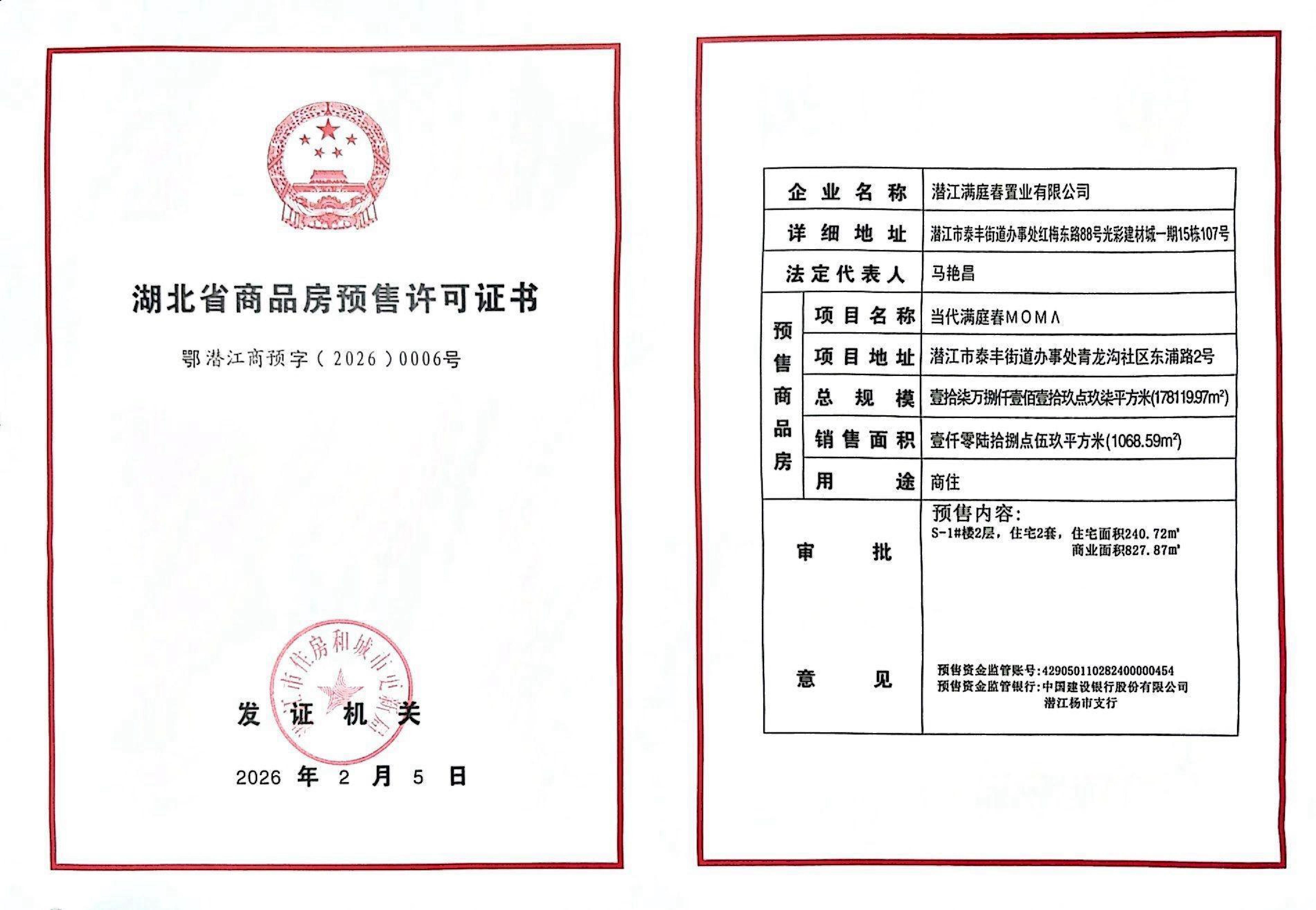 名 称: 满庭春S-1预售许可证
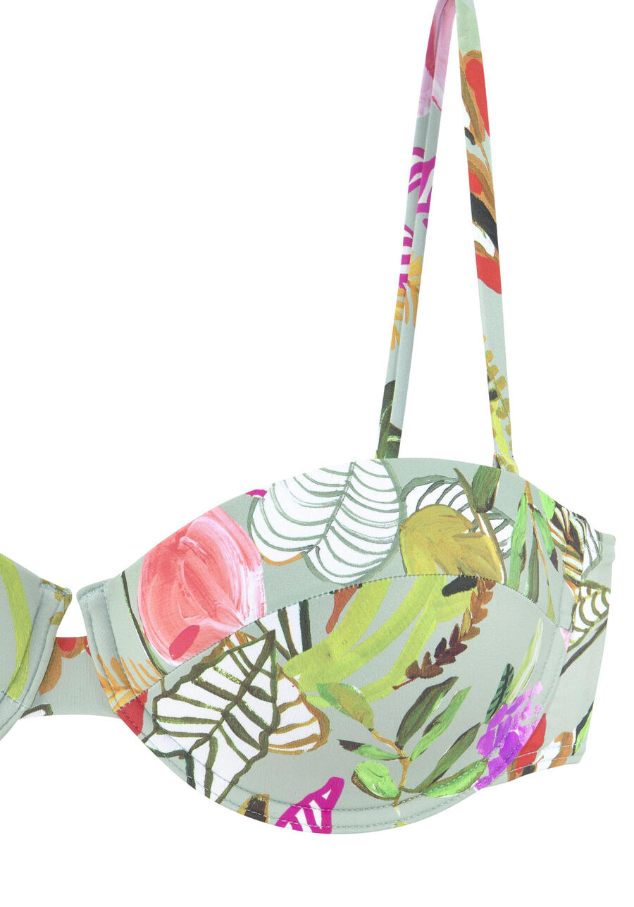 Великолепный верх-балконет от S. Oliver с модным рисунком. Регулируемые бретели для утягивания. Чашечки с подкладкой и боковыми усилениями. Боковые вставки с застёжкой сзади. Из серии Mix-Kini. Материал: переработанный полиамид. MAY-522
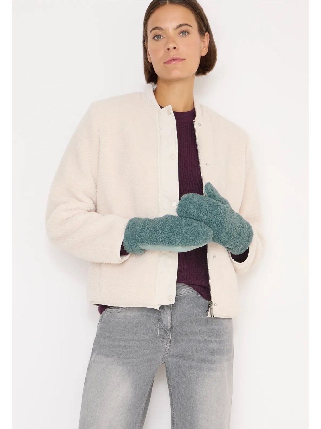 Dámské palčáky CECIL jsou hřejivým zimním doplňkem, který udrží vaše ruce v teple i během chladných dní. Měkoučký materiál v teddy úpravě je příjemný na dotek a postará se o maximální pohodlí. Stylové palčáky s vysokým „feel good“ faktorem – ideální pro každodenní nošení v zimních měsících.
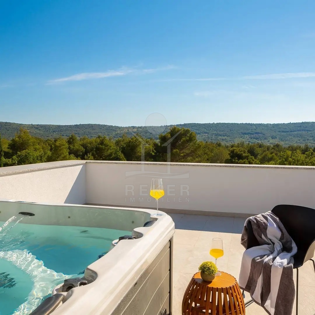 Dieses spektakuläre Wohnparadies befindet sich in einer ruhigen Gegend von Dubrava, 7 Kilometer östlich von Sibenik, neben einem wunderschönen Wald. Ruhe und Privatsphäre sind Ihnen hier sicher, sodass Sie endlich das friedliche Luxus-Leben genießen können, nach dem Sie sich schon so lange sehnen!
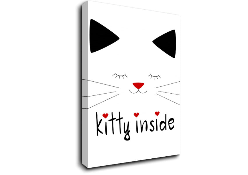 Kitty Inside Canvas Print handmade in the UK. Stretched over a 2 inch thick wooden box frame, ready to hang on your wall.
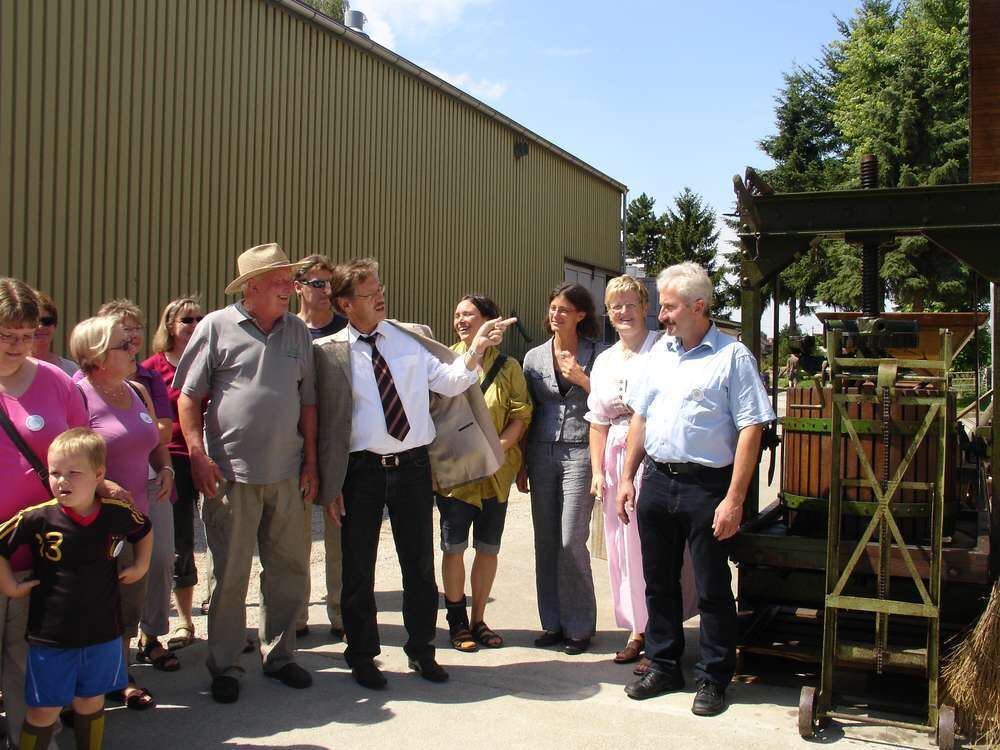 Auftaktveranstaltung auf dem Drei Birkenhof (von rechts): Kreisbauernverbands-Vorsitzender Gebhard Aierstock , Elsbeth Laux, Elke Weidinger, Melanie Amrhein, Dieter Hillebrand, Alfred Kern mit Strohhut sowie einige Gäste des Bauernhofbrunchs.
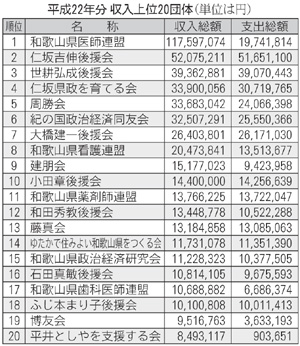 政党の収入総額は10億8491万円(同1・3%減)。内訳は、政治資金パーティーなどの事業収入が前年の3倍以上の1億123万円と大幅に増えた。政党別では、自民党(5億290万円、0・2%増)がトップ、以下、共産党(3億3668万円、1・7%減)、民主党(1億4798万円、6・1%減)、公明党(8421万円、2・6%増)、社民党(1312万円、12・4%減)など。支出総額は8億1090万円(5・3%減)で、内訳は選挙関係費が4876万円(71・5%増)、政治資金パーティー開催事業費が1620万円(71・2%増)と大幅に増えた。その他の政治団体は収入総額が8億1386万円、支出総額が5億599万円。収入上位団体では、仁坂吉伸後援会が21年に5位だったところを2位に順位を上げている。
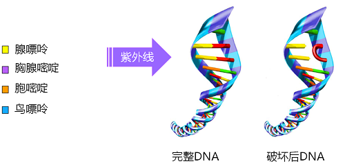 光量子理論認為,光是物質運行的一種特殊形式,是一粒粒不連接的粒子流。每一粒波長 253.7nm 的紫外線光子具有 4.9eV 的能量。當紫外線照射到微生物時,便發生能量的傳遞和積累,積累結果造成微生物的滅活,從而達到消毒的目的。生命科學揭示了核酸是一切生命體的基本物質和生命基礎,微生物體受到紫外線照射,吸取了紫外線的能量,實質是核酸對紫外線能量的吸收。核酸分為核糖核酸(RNA)和脫氧核糖核酸(DNA)兩大類,其共同點是由磷酸二脂鍵按嘌呤與嘧啶堿基配對的原則而連接起來的多核苷酸鏈。紫外線一方面可使核酸突變、阻礙其復制、轉錄封鎖及蛋白質的合成;另一方面,產生自由基可引起光電離,從而導致細胞的死亡。
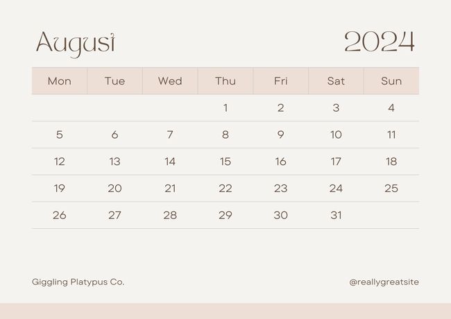 Terdapat 31 hari dan lima minggu di bulan Agustus 2024. Namun, dalam kalender Jawa bulan Agustus 2024, terdapat dua bulan Jawa yaitu Suro dan Sapar.
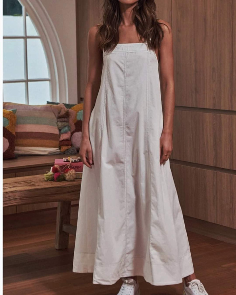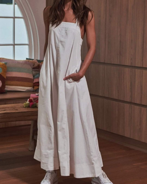 Step into a carefree style with ou Delilah, linen, ankle length open back dress featuring elasticated straps. Perfect for any sunny day adventure. Available in soft khaki and milk.
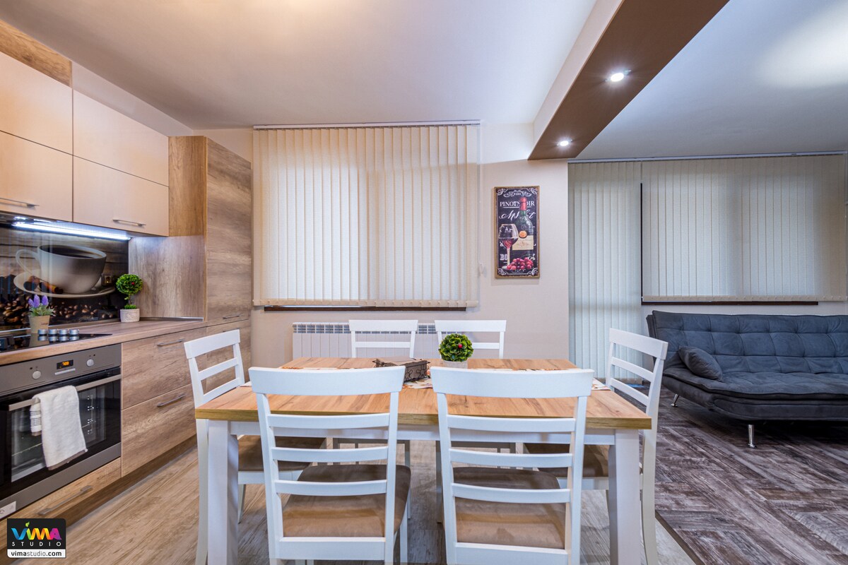 Добре дошли във Вашето чисто ново, луксозно място в Сърцето на Стара Загора. Разположен на чудесна локация, в централната част на града, на тиха улица в чисто нова бутикова сграда. Обзаведен с много заряд за положителни емоции, в еклектичен стил от минимализъм и лукс, вярваме, че ще покрие критериите Ви за търсен престой в града на Липите. Апартамента разполага със собствено паркомясто, точно под терасата на апартамента, което е безплатно за гостите. NETFLIX, HBO and Cinemax, Diema EXtra
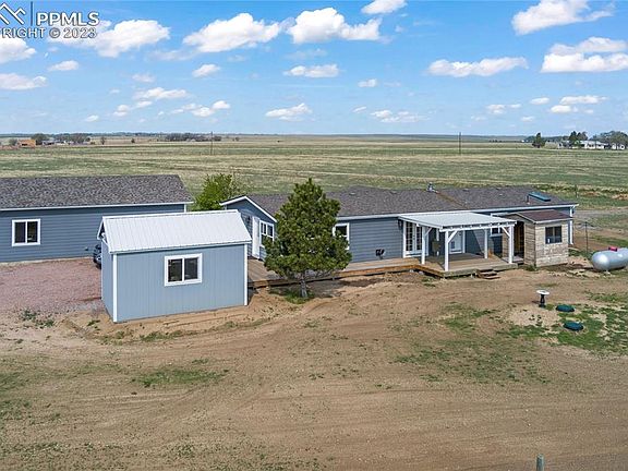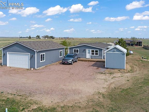 What a beauty this property is! 3 bed, 2 bath 1742 sq. ft ranch style home on 40 acres with a fantastic view of Pikes Peak! In 2019, the house was upgraded from one end to the other: new windows, doors, insulation, sheetrock, siding and fresh paint inside and out. Also new lighting, flooring, USB outlets in the kitchen, dining, and living room; central A.C., new kitchen cabinets with soft close doors and slides, granite countertops. Both bathrooms were remodeled and updated. New appliances in 2019 include a Frigidaire Gallery-style refrigerator, a convection range oven, and a built-in dishwasher The built-in microwave oven is only 3 months old. Pellet stove in 2019 and new furnace in 2018 The amazing 24x34 insulated and sheet-rocked garage will keep your cars and toys out of the weather, and/or you can use it as a workshop. A new 10x16 shed is insulated, sheet-rocked, and has shelving. it was used as a craft working space. Enjoy the beautiful sunsets from the spacious 10x24 front deck with a railing. A 12x16 covered deck is at the rear of the house, wood walkways connect the two. Other outbuildings include a 16x60 open-sided barn/shed, a 16x16 metal-covered shed, and two 8x8 sheds. A 32x64 fenced area for gardening rounds out this gorgeous property.
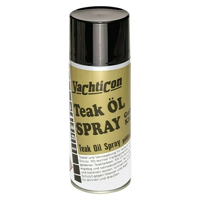 Das Teak Öl-Spray Golden Klassik von Yachticon sorgt für langanhaltenden Schutz behandelter Teakflächen und ist bestens geeignet für das schnelle Ölen und Versiegeln zwischendurch. Die leichte Farbpigmentierung ergibt einen goldenen Teakton. Es ist schnelltrocknend und für den Innen- und Außenbereich geeignet.
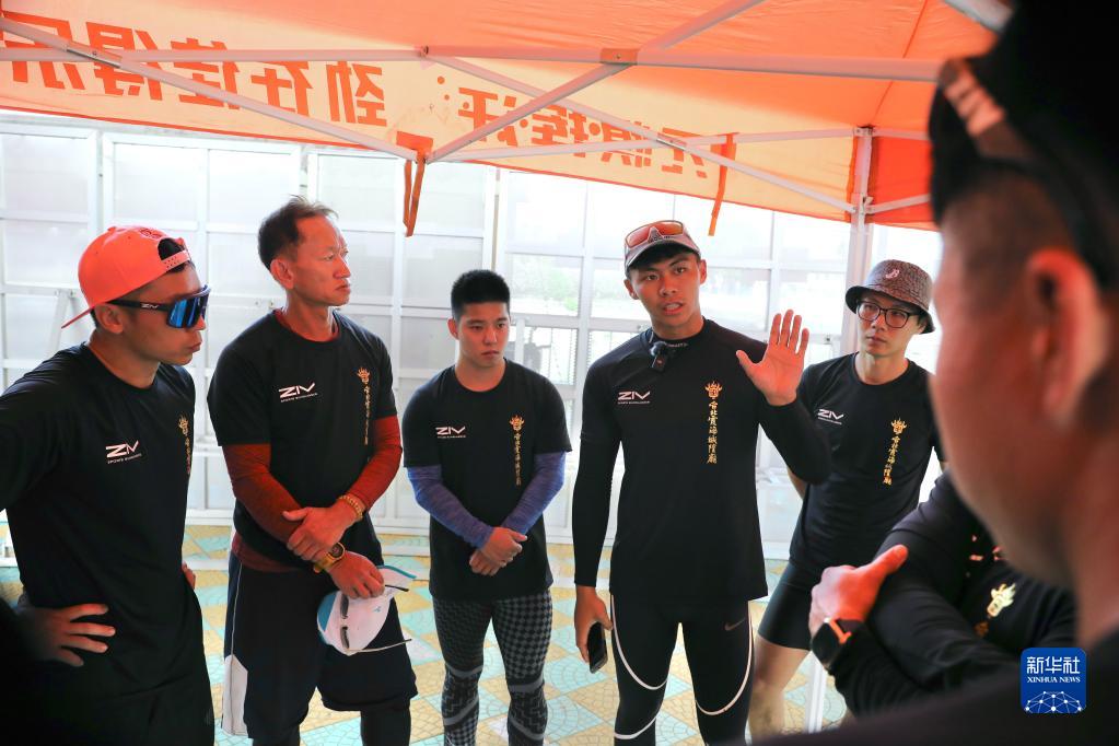 林益宏(左四)在廈門(mén)集美舉行的海峽兩岸龍舟賽上與隊友交流(2023年6月2日攝)。
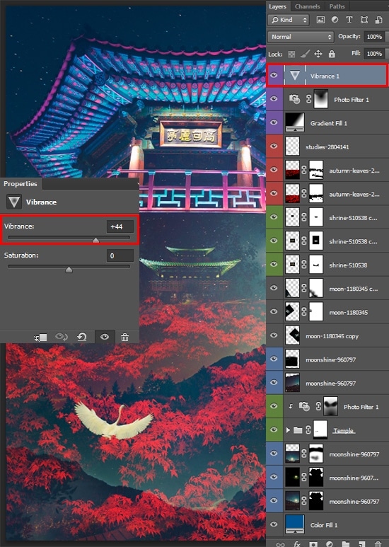 The last thing to add is a touch of color. Add “Vibrance” adjustment layer (Layer >New Adjustment Layer > Vibrance) and set Vibrance: +44. You can also clean up a bit in your working document to reduce its size. To do this, delete all unused layer masks. Also, if you added layers not as smart objects, you can use Crop Tool (C) and without changing borders checkmark “Delete Cropped Pixels” and apply the crop. This deletes all the information what was outside the working field.

### Work task
Write down exactly what the lines above say, from the line holding "Step into a" through the line holding "Добре дошли във", and nothing more. Do not copy the pictures.

### Solution to this problem
 Step into a carefree style with ou Delilah, linen, ankle length open back dress featuring elasticated straps. Perfect for any sunny day adventure. Available in soft khaki and milk.
 Добре дошли във Вашето чисто ново, луксозно място в Сърцето на Стара Загора. Разположен на чудесна локация, в централната част на града, на тиха улица в чисто нова бутикова сграда. Обзаведен с много заряд за положителни емоции, в еклектичен стил от минимализъм и лукс, вярваме, че ще покрие критериите Ви за търсен престой в града на Липите. Апартамента разполага със собствено паркомясто, точно под терасата на апартамента, което е безплатно за гостите. NETFLIX, HBO and Cinemax, Diema EXtra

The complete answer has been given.